Quase sempre, vivemos, os livros e eu, algo parecido com a síndrome do mamão. Eternamente renovado na fruteira, sob os votos de papá-lo todos os dias, ele há de garantir longevidade e intestino em ordem. Já registrei em cartório: quero completar cem anos fazendo tai-chi-chuan na praia. E o fruto é protagonista do plano. Fatalmente, porém, eu o flagro apodrecendo. Ao preferir o açucarado e fácil Sucrilhos matinal, me esqueço dele. Assim é com o livro, que vive perdendo a vez para eventuais fast-leituras, lotadas de calorias e poucos nutrientes. Livro, ao menos, não estraga. Também contribui para a vida longa, põe a mente para funcionar, faz bem à pele. E, de quebra, também é cheio de sementes.
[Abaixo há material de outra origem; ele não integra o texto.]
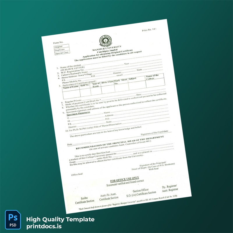 Effortlessly create a professional, authentic-looking original certificate for India Manipur University with this fully editable and printable Word and PDF template. Designed for administrative staff, educators, and educational institutions, this template streamlines the process of certificate issuance, ensuring accuracy and consistency while saving valuable time.
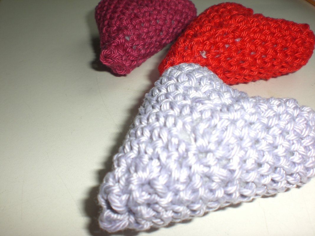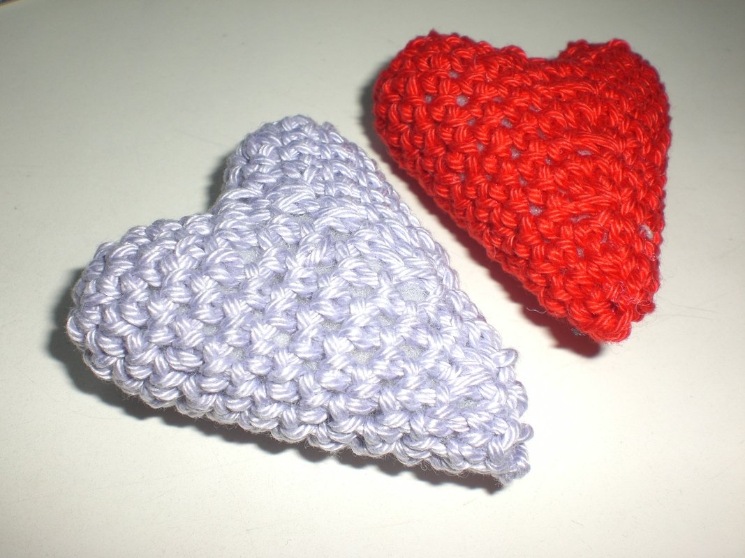 Einfache bebilderte Anleitung um diese süßen Herzen nach zu häkeln.

Dei para colecionar livros na (vã?) promessa de que esse, ah! Esse eu vou ler. O problema é que arrumo sarna demais para me coçar. A leitura prometida fica para o dia seguinte, mês que vem, nunca. E ‘nunca’, todo mundo sabe, não existe no calendário. Eles, os livros, vêm parar nas minhas mãos por vários motivos. Um é culpa do projeto gráfico, lindo de morrer. Outro, de um assunto que eu pre-ci-so dominar. Mais um, daquele autor que eu não perco nenhuma vogal publicada. Mais outro, porque o amigo achou que eu deveria ler, e me deu de presente. (Quase sempre o amigo está certo.) Como procuro não questionar os mecanismos (ou ordens) do universo, eu os acolho, dou-lhes as boas-vindas, apresento-lhes a estante, confiro suas orelhas, exploro até a página vinte. Ler inteiro, que é bom, necas. Em casa, a proporção entre lidos e não-lidos beira o fracasso: um para dez. Até o criado ao lado da cama, que não é nada mudo, levanta a voz para mim, vez por outra: “O que há com você?”. Não sei de qual doença padeço.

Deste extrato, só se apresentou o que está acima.